People Are Mad After Anti-Pride Emoji Trends On Twitter

The emoji began to gain traction last night, but many on social media questioned its authenticity.

Anti-pride flag with screenshots of people reacting to the emoji.

A number of LGBT+ people on social media have voiced concern after an emoji with an anti-pride message appeared on Twitter yesterday.

The graphic consists of the rainbow pride flag, with a black circle and strike positioned at its centre.
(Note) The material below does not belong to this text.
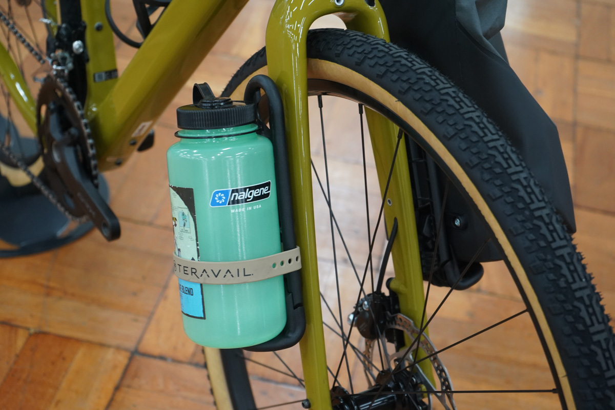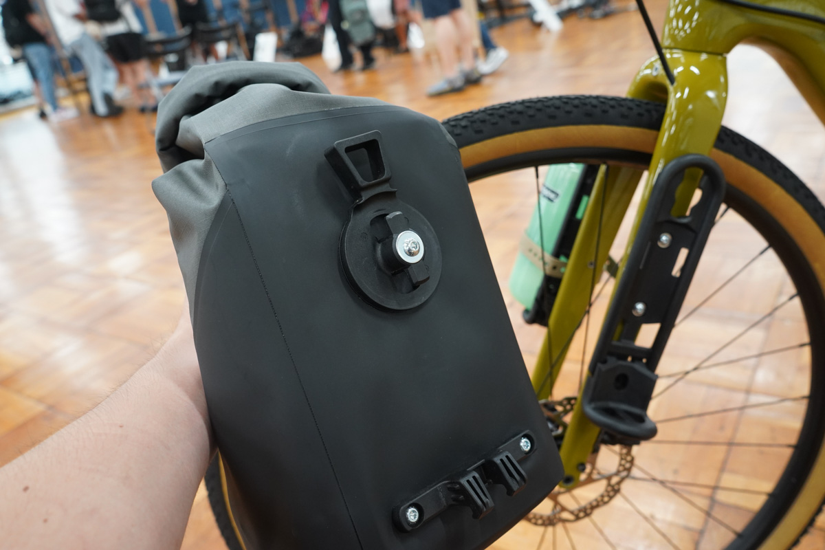 そのバッグがHemlockだ。容量7リットルのロールトップ式防水バッグで、ビルトインされているフックをケージに引っ掛けて、レバーを90度回転させるだけで確実に固定が可能。これまでのフォークケージを活用して大容量ストレージを持ち運ぶ時はベルトで止める作業が必要だったが、FLIPシステムによってその作業から解放される。

Many LGBT+ users began incorporating the image into tweets criticising homophobia but acknowledged that hate groups may also begin to use it to spread anti-LGBT+ rhetoric on the platform.
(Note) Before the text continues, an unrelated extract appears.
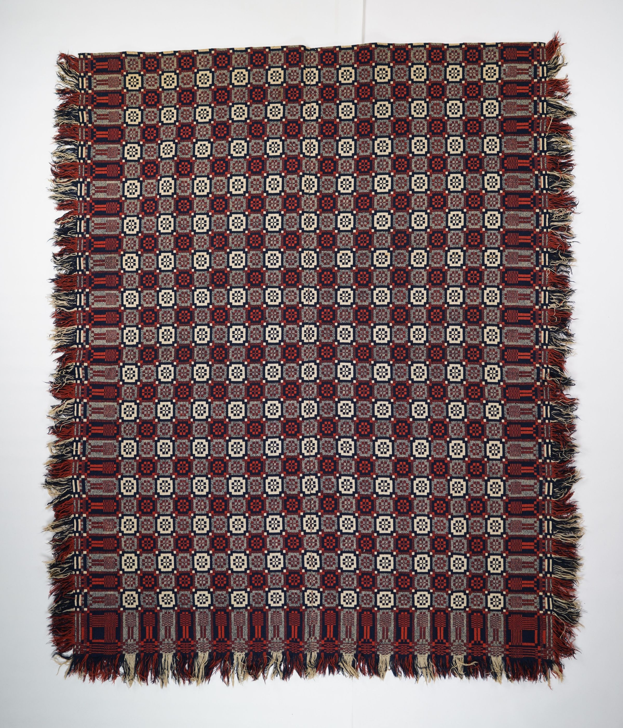 Red, natural, and navy geometric double weave coverlet with border and self-fringe along three sides. Two joined panels.Collection

People reached out to Unicode, the programmers who are responsible for deciding which graphics get hosted on social media sites.

Former Disney Channel star Skai Jackson tweeted:

“Why is this emoji even a thing?! This just makes me so mad.”
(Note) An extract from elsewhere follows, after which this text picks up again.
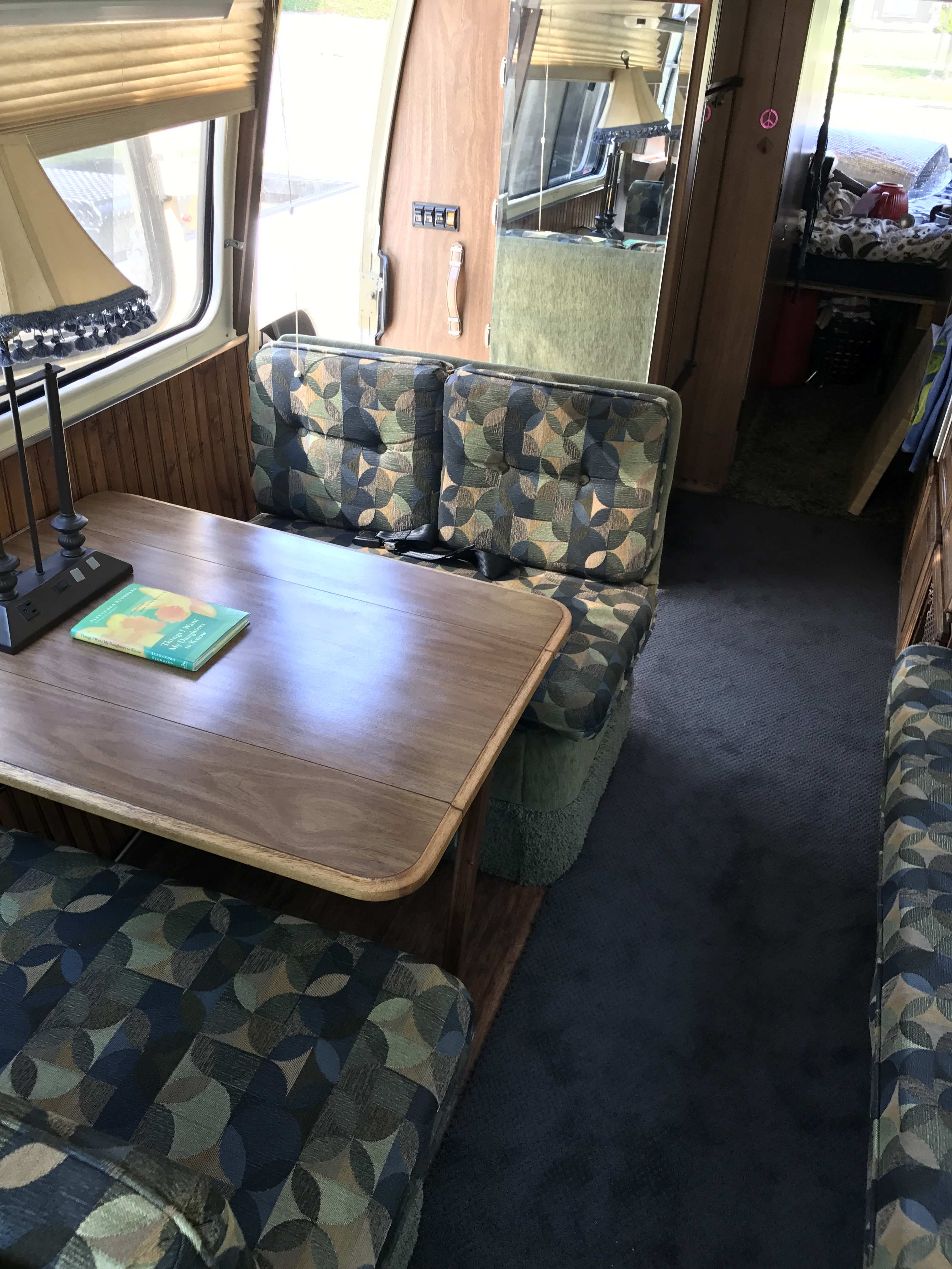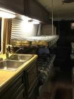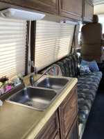 INTERIOR DYNAMAT insulation/cab floor/side walls/rear coach + bedroom New bead board on lower walls All solid oak cabinets refinished/new hinges/shocks New ½" plywood flooring/New carpeting New cab rug/black shag (any motor work or grease will never show : All new upholstery/all new foam in furniture + cushions 9" memory foam double mattress (slept on 6X) Carpathian Burl Dash GPS Navigation system/back-up camera Klipsch speakers New single pole kitchen faucet New stainless steel kitchen fan USB connections/dash/passenger door/dinette wall New bathroom exhaust fan Full size enamel toilet Dual captain chairs/pleather/6 way power/w/lumbar New aluminum seat bolting plates New seat belts/6 passenger + 2 integrated shoulder belts in cab

https://twitter.com/skaijackson/status/1097962754642608128

Mari Copeny, the young advocate for clean water in Flint Michigan, responded to Jackson saying:

“Throw the whole emoji and the person who created it in the trash.”

After some speculation,  Twitter users found out that the image was not an official graphic release by Unicode, but the result of a glitch in the system. It became apparent that users had the ability to put the black circle with the strike over any of the already existing emojis.

One user shared a note explaining the problem:

“It is 100% a glitch, or rather a side effect of the ⃠ symbol (not an emoji, it’s unicode!) layering on top of an emoji as it does with regular characters. You can do it to any emoji, number or letter: similar to how the trademark™ unicode works, for example.”

The note went on to say:

“There’s NO way Apple would willingly allow something SO abysmal and insensitive as an official emoji, obviously. It’s just unicode. Does that make it okay to use it? Of course not, absolutely not.”

Just last month, Unicode received praise for promising the introduction of more gender neutral and same-sex couples emojis.